In a paper published in 1993, Richman and Rickman  had concluded that ‘transmission of HIV through human bites is biologically possible but remains epidemiologically insignificant, and as yet, not well documented’ .
We report a case of a child, who at the age of 3 years was bitten on the middle finger of her left hand by her father in September 2000, causing bleeding at the site. He had multiple sex partners in the past and had a history of dental caries and bleeding gums for years. He was known to have diabetes. He was first discovered to be HIV-antibody positive in June 2004, 3 years after the bite. His CD4 cell count was 4 cells/μl. No viral load assay was done.

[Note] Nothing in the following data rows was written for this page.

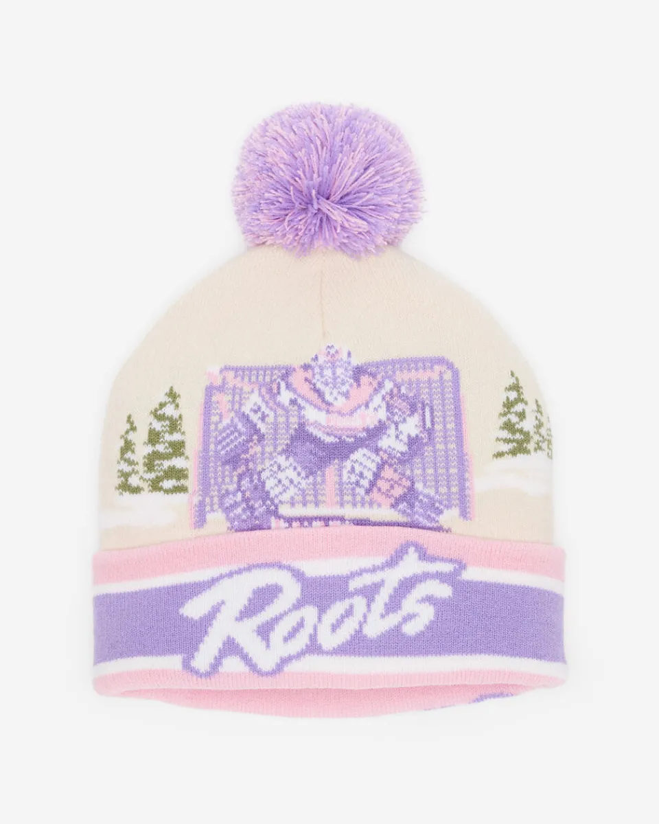 Embrace the cold in style with our Hockey Toque, featuring an original Roots intarsia landscape graphic and playful pom pom.
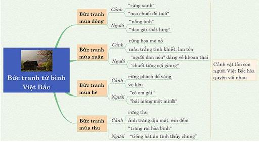 Việt Bắc bức tranh tứ bình là một đoạn trích thể thiện được bút pháp miêu tả thiên nhiên đầy trữ tình của nhà thơ Tố Hữu. Để phân tích bức tranh tứ bình Việt Bắc, các em hãy thm khảo sơ đồ tư duy dưới đây:
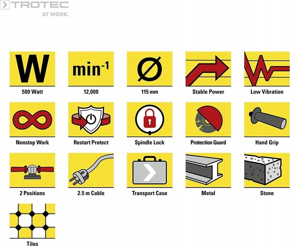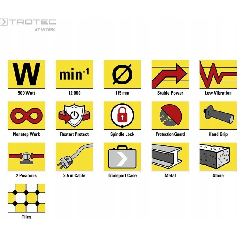- Artikelname: TROTEC Bohrschrauber PAGS 10-115 (500 W) inklusive Koffer und 115-mm-Trennscheibe, 12.000/min, zusätzlicher Wechselgriff

He died on 17 September 2004.
The child's mother was HIV-antibody negative when tested in June 2004. Sexual intercourse had been infrequent over the past 7 years because he was impotent as a result of his diabetes. Recalling the incident of the bite, the young child was brought by the mother to the clinic of the Medical Research Centre, Port of Spain, Trinidad, for testing. Her HIV antibody assay was positive by enzyme-linked immunosorbent assay and Western blot, her viral load was 20 909 copies/ml and her CD4 cell percentage was 23%. There was no history of sexual abuse or blood transfusion. The cause of the child's infection is believed to be a direct result of the bite from her father.
The first suggestion that the transmission of HIV by a human bite was biologically possible was in a paper by Wahn et al.  from Dusseldorf in 1986, who reported that a young child had died of AIDS at one year of age. There were no risk factors for the child's infection other than a bite on his forearm by his younger HIV-positive brother approximately 6 months before he died. It was suggested that the likely route of virus transmission was the bite from the seropositive younger brother.
In August 1987, there was a brief case report of a 26-year-old healthcare worker with no risk factors for HIV infection, who in early 1985 had a fight with her sister, an HIV-positive intravenous drugs abuser since 1980. During the fight, which caused bleeding in the mouth, she was bitten on the leg by her HIV-positive sister. Stored sera from the bitten sister was found to be HIV-antibody seronegative on 10 August 1983 (before the fight), but she was discovered to be seropositive on 12 January 1987. It was believed that the most likely route of her infection was the bite from her sister .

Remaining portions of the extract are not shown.